2. Materials and Methods

2.1. Study Population

The principles of the Transparent reporting of a multivariable prediction model for individual prognosis or diagnosis (TRIPOD) guidelines were adhered to while conducting this study (Table S1). We used the high-fidelity Swedish National Quality Register for Hip Fracture Patients, RIKSHOFT, to identify a study population composed of all adult patients (18 years or older) who underwent primary emergency hip fracture surgery in Sweden, between 1 January 2008 and 31 December 2017 [12]. Patients with pathological fractures and non-operatively managed hip fractures, as well as those who died within 30 days after surgery, were excluded from the current analysis. Studying the association between the variables included in the prediction models and mortality in the first year, conditional on patients surviving 30 days or more after surgery, allows for the evaluation of the long-term association between the potential predictors and mortality, in isolation. This may reduce the effect of short-term mortality due to surgical and anesthesiologic complications as well as the higher degree of advanced directives present in the study population compared to the general population.

The selected patients were cross referenced with the Swedish National Patient and Cause of Death registers maintained by the Swedish National Board of Health and Welfare to retrieve comorbidity and mortality data. Variables used in the prediction model include survival status one year after surgery, age, sex, American Society of Anesthesiologists (ASA) classification, age-adjusted Charlson Comorbidity Index (CCI) [13], Revised Cardiac Risk Index (RCRI) [14], concurrent comorbidities (arrhythmia, hypertension, myocardial infarction, congestive heart failure, cerebrovascular disease, chronic obstructive pulmonary disease, connective tissue disease, dementia, diabetes mellitus, liver disease, hemiplegia, chronic kidney disease, local tumor, metastatic carcinoma, peptic ulcer disease), type of fracture, and surgical procedure performed.

2.2. Descriptive Analysis

Continuous variables were presented as a mean ± standard deviation (SD), and the ordered and nominal variables were presented as a count and percentage. The Pearson’s chi-squared test was used to test the statistical significance of differences between groups for categorical variables, while the Student’s t-test and Mann–Whitney U test were used for continuous variables [15,16,17]. Missing values were imputed using the chained method with the nearest neighbor algorithm [18,19]. Two-tailed p-values < 0.05 were considered statistically significant.

2.3. Predictive Models

A LR model with an elastic net regularization (the final ratio of L1 penalty: L2 penalty = 0.5:0.5 based on the random search) was used in the current study [20,21]. Two LR models were constructed, one including all the included variables and the other including the 10 most important variables.
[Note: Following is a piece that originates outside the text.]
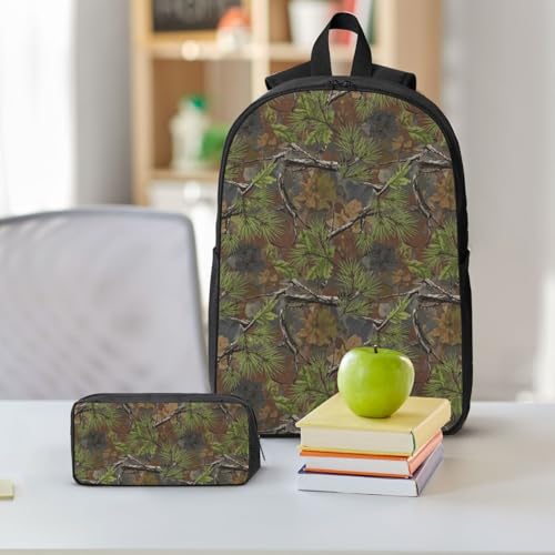 Ergonomic Backpack Set with Insulated Food Carrier & Multi-Pocket Pencil Case (3pc Waterproof Combo for Hiking/Commuting, Hunting Camo Trees Branches Military Camouflage) 3

The relative importance of the variables was evaluated using the permutation importance (PI) [22]. PI was measured by looking at how much a predefined performance metric (in the current study Youden’s index, i.e., the sum of sensitivity and specificity minus 1, was used) is impacted by missing specific variable data [23]. To mask the information of a variable during evaluation, instead of removing the variable from the dataset, the PI method replaces it with random noise from other participants by shuffling the values of the variable. The relative importance of a variable was then calculated as the decrease in Youden’s index of the variable relative to the range of the decreases of all the variables [22]. LR was also compared with three other commonly used supervised classification algorithms, i.e., NB, SVM, and RF, and presented using a calibration plot. NB is a probabilistic classifier based on applying Bayes’ theorem with strong (naïve) independence assumptions between the variables. It can be trained very efficiently in a supervised learning setting. SVM is an algorithm aiming to find a hyperplane in an N-dimensional space (N is the number of variables) that may distinctly classify the data points. RF is an ensemble learning method for classification, regression and other tasks that operates by constructing a multitude of decision trees at training time. For classification tasks, the output of RF is the class selected by most trees [24,25,26,27].

2.4. Data Normalization and Model Construction

Multinomial variables were converted into multiple binary variables before entering the models. Ordinal and continuous variables were normalized using the min–max transformation to have values between 0 and 1 [28]. Eighty percent of the randomly selected patients were used as a training dataset to train the LR models. During the model training stage, K-fold cross-validation was used [29]. The training dataset was randomly split into five equal partitions, which instantiated five identical model building and validation processes. The LR models were built on four partitions while the predictive ability was evaluated using the remaining partition. The predictive ability of the models and importance of the variables based on the training dataset were calculated as the average over the five validations. The remaining 20% of the patients were used as a test dataset to provide an unbiased evaluation of the final models’ fit on the training dataset.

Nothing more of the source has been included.